Your cat obviously cannot speak people language, so you need to learn cat language to find out what your feline is saying. Tail movement is a reliable source of communication because it tells you the mood of the cat. Sometimes other clues, such as meowing, are combined with what the tail is saying. I have found with my own feline family, that all cats generally speak the same language.
When your cat walks toward you with her tail raised and occasionally waving back and forth, she is saying that she is open to interacting with you at the moment. When she raises her tail in this manner to other cats, she is telling them that she is respectfully acknowledging their presence and is willing to be their friend.

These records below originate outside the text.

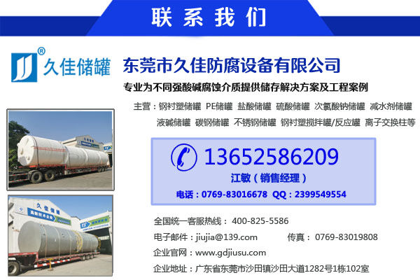 東莞市久佳防腐設備主營產品有鋼襯塑儲罐、全塑儲罐、碳鋼儲罐、離子交換柱、攪拌罐等防腐設備,主要有鋼襯塑和全塑兩大系列,分臥式和立式,品種齊全,可滿足客戶的需求,廣泛應用于化工、環(huán)保、電力、釀造、儲存、運輸?shù)刃袠I(yè)。
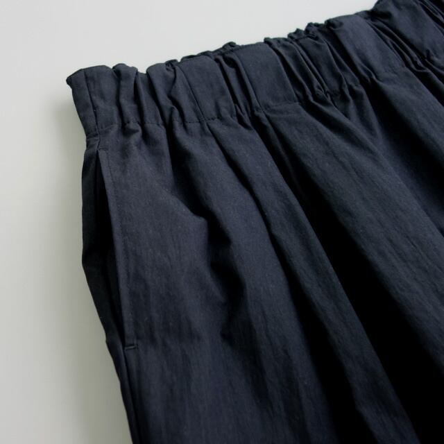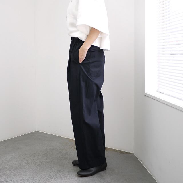 ゆったりとしたシルエットでイージーな履き心地の2タックワイドパンツ。ウエストは太ゴム仕様でトップスインした時にもスッキリと見えます。色々なスタイリングに応用可能な着回し力抜群のパンツです。
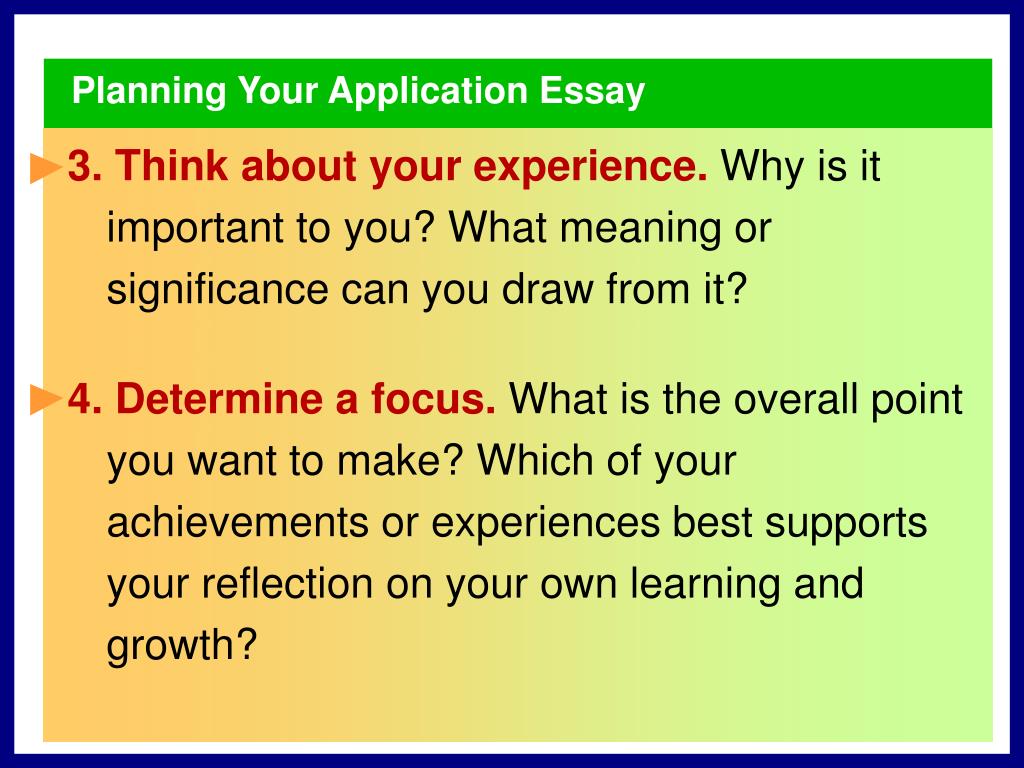 Planning Your Application Essay 3. Think about your experience. Why is it important to you? What meaning or significance can you draw from it? 4. Determine a focus. What is the overall point you want to make? Which of your achievements or experiences best supports your reflection on your own learning and growth?
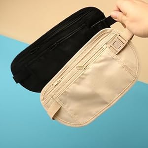 Package Included:You will receive 2 money belt, including 1 black and 1 beige, fashion waist packs quantity is enough to meet your usage needs, use this waist bag to hide your valuables to ensure safety.
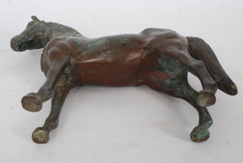 An early 19th century (believed) Chinese bronze war horse statue having brushed main and tail.

When you are talking to kitty and petting her, chances are that she will raise her tail to you and wave it back and forth quickly. She is communicating to you that she is happy and appreciative of the attention you are giving her.
A droopy tail is cat language that says kitty is just checking things out and currently everything is neutral. But when she begins to wave that droopy tail, she is reconsidering the neutrality, and is probably going to change her mind soon.

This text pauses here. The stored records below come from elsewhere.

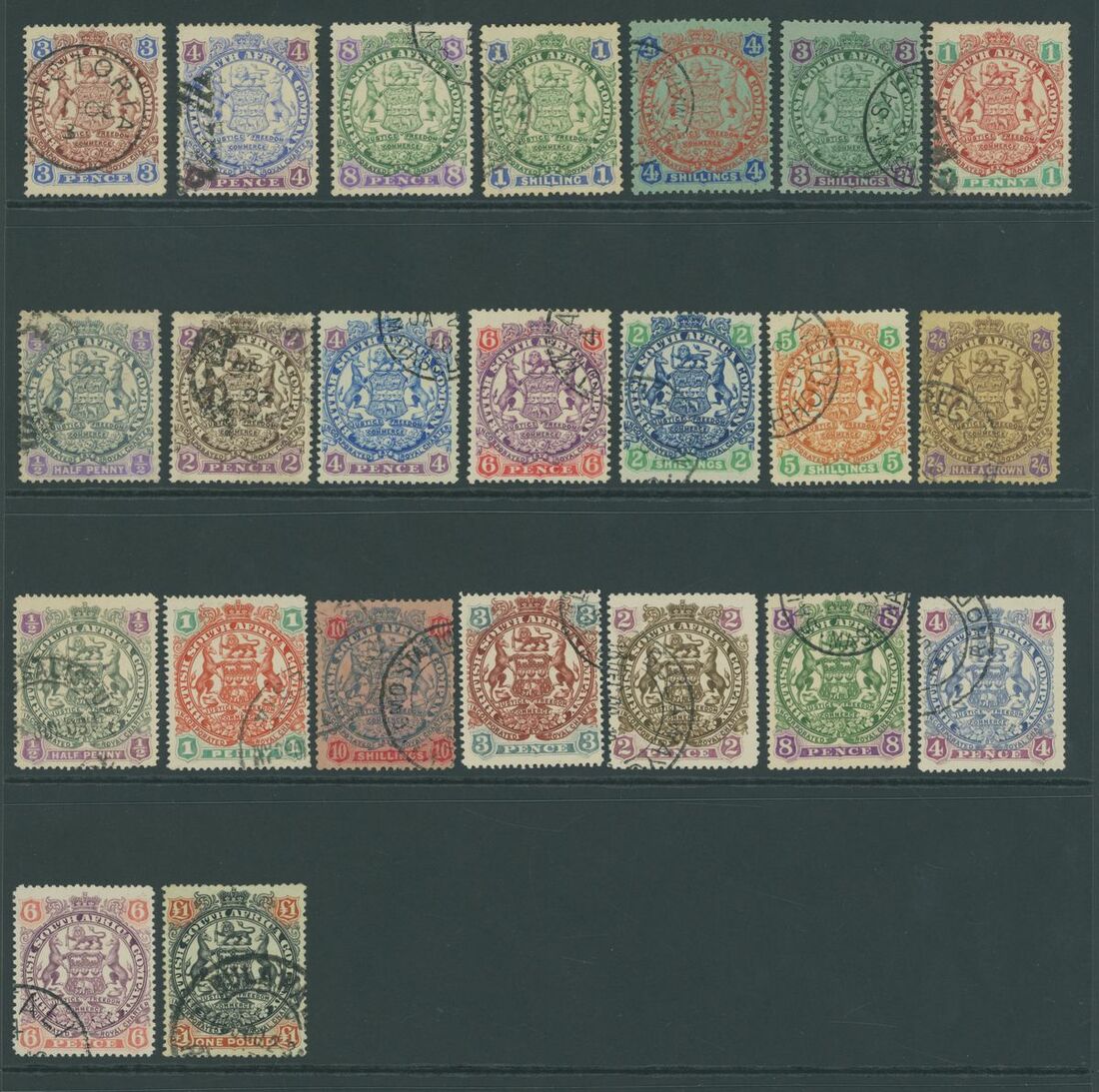 1896-97 Die I set (except 1d., 2d. and 6d.), Die II set and 1897 ½d. to £1, used, good to fine
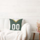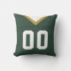 Easy to edit football or lacrosse custom jersey design throw pillow. The colours of this design is green with gold and white collar trim the 'skin' colour can be changed, just click 'CUSTOMIZE' to choose a different colour. Just use the boxes to the right of the image to insert your own choice of name and number on the back and number on the front.
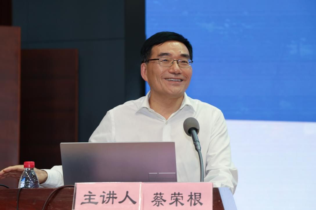 蔡荣根校长以“学习新时代科学家精神,融个人奋斗于复兴伟业”为题,借以一个人应当怎样度过自己的一生为引,结合个人见解,强调师生要通过传承和弘扬科学家精神,争当能够担负起民族复兴大任的新时代青年。他以“两弹一星”元勋,著名物理学家彭桓武先生为例,全面阐述其“严谨唯实、爱国奉献”的学术思想、“追求真理、勇于创新”的科学精神与“回国不需要理由,不回国才需要理由”的爱国情怀。他指出,我们既要重视理论的学习,又要加强人才的培养,要为党和国家培养出像彭桓武先生那样为民族复兴、国家富强而无私奉献、不懈奋斗的新时代青年。最后,蔡荣根校长深情寄语广大青年学子,在这中华民族发展的关键时期,要勇于攻关、敢于创新、善于攀登,将爱国之心、强国之志深深融入对科学的追求之中,以奋斗者姿态激扬青春、追逐梦想,在中国式现代化建设中挺膺担当。
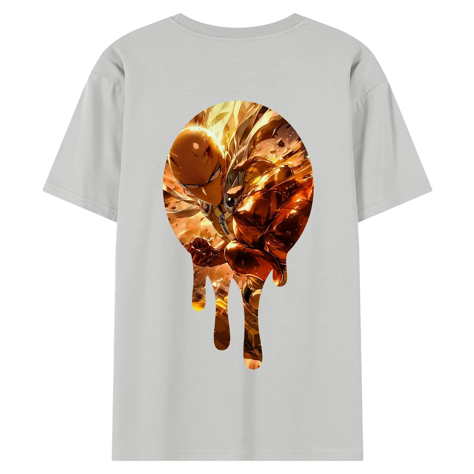 ワンパンマン グッズ サイタマ - 綿100% ヴィンテージ風 半袖Tシャツ ・ 背面プリント ・ 柔らか肌触り ・ 通気性 快適 ・ スポーツ カジュアル 外出用
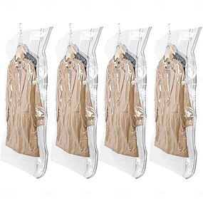 4 упаковки подвесных вакуумных мешков для хранения одежды с насосом, вакуумный мешок для костюмов, пальто, курток, вакуумные мешки для экономии места в шкафу
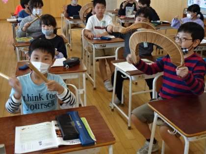 4年生は、音楽科で「こきりこ節」を学習しました。「ささら」や太鼓のリズム演奏を体験しました。「ささら」でいい音がなるように試しながら楽しく演奏しました。
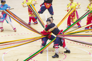 600名演员形成了一个大圈,象征着中华民族大家庭;大圈之中是6个小圈,象征着各民族在祖国的怀抱中幸福生活。各民族在小圈里展演着本民族的民间体育项目:彝族的摩尔秋旋转起来了,羌族的推杆正在角力,藏族的格吞、摔跤也相互较量着。各民族传统民间体育项目让世界变得多姿多彩。

Watch out when your cat rapidly whips or snaps her droopy tail back and forth. She is agitated. You need to, if possible, remove the source of agitation immediately!

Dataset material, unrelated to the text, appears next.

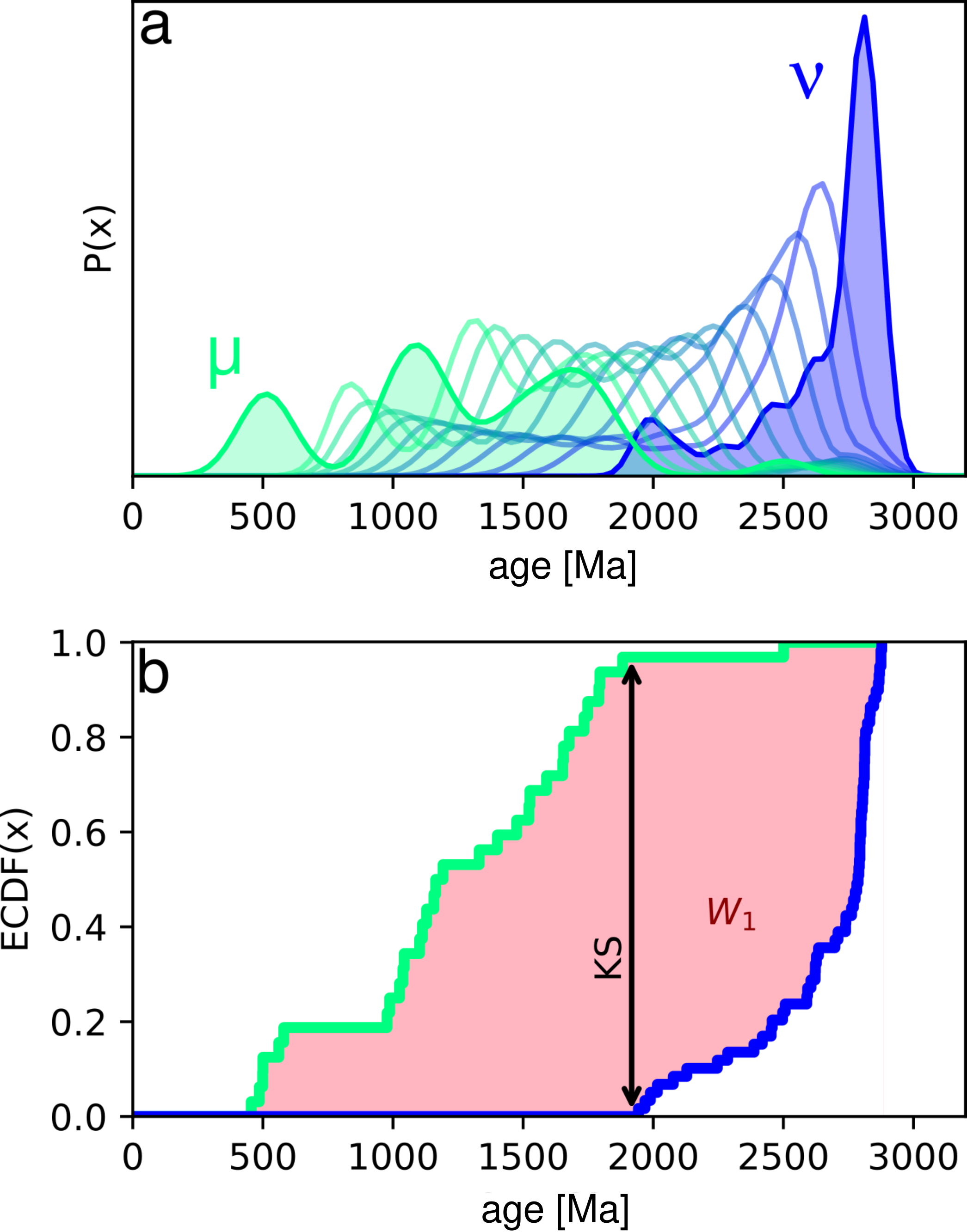 The Wasserstein distance is a distance metric between two probability measures from a branch of mathematics called ‘optimal transport’. Optimal transport is often intuited in terms of moving piles of sand from one location to another with no loss or gain of material (e.g., Villani, 2003). The problem that optimal transport solves is finding the way to transport the sand such that the least sand is moved the least distance. The Wasserstein distance is the cost associated with this most efficient transportation. The association with moving piles of sand is why the Wasserstein distance is often termed the Earth-mover’s distance. Figure 1a shows an example of how one univariate probability distribution, μ, based on a detrital age spectrum, is transformed into another, ν according to the optimal transport plan. Elsewhere in the Earth sciences, the Wasserstein distance is increasingly used for solving non-linear geophysical inverse problems (e.g., Engquist and Froese, 2014; Métivier et al., 2016; Sambridge et al., 2022) and has been proposed as a tool for fitting hydrographs (Magyar and Sambridge, 2023). Full mathematical treatments of the Wasserstein distance and optimal transport are beyond the scope of this paper, but interested readers are referred to Villani (2003) or Peyré and Cuturi (2019). A geophysical perspective is given in Sambridge et al. (2022).

If kitty has an easy-going, protected life without things in her environment threatening her, you may not often see her with a big, puffy, bottle-brush tail. But when you do, this cat language is showing surprise, fear, and bravery, possibly all at the same time. Kitty has either been surprised or threatened. Instead of turning and running off, she is bravely confronting whatever has frightened her. So she raises the fur, not only on her tail, but on her back as well. Since this makes kitty look much bigger, she is definitely expecting the enemy to be the one to turn and run off, not her!
How a Cat is Enabled to Use Her Tail In Cat Language
A cat’s tail is included in the vertebral column and its bones, which are called caudal vertebrae. Usually a cat has 19 to 21 caudal vertebrae. This varies with the cat breed, as cats with longer tails (such as Siamese) have more caudal vertebrae and breeds with shorter tails (as in Persian) have less. Even Manx cats, which appear to not have any tail at all, usually still have a few caudal vertebrae.
The muscles surrounding the bones in a feline’s tail enable her to move it in expressing cat language. At the end of the cat’s back where the tail starts, the muscles are big. They get smaller the closer they get to the tip of the tail, which is why a cat’s tail is tapered.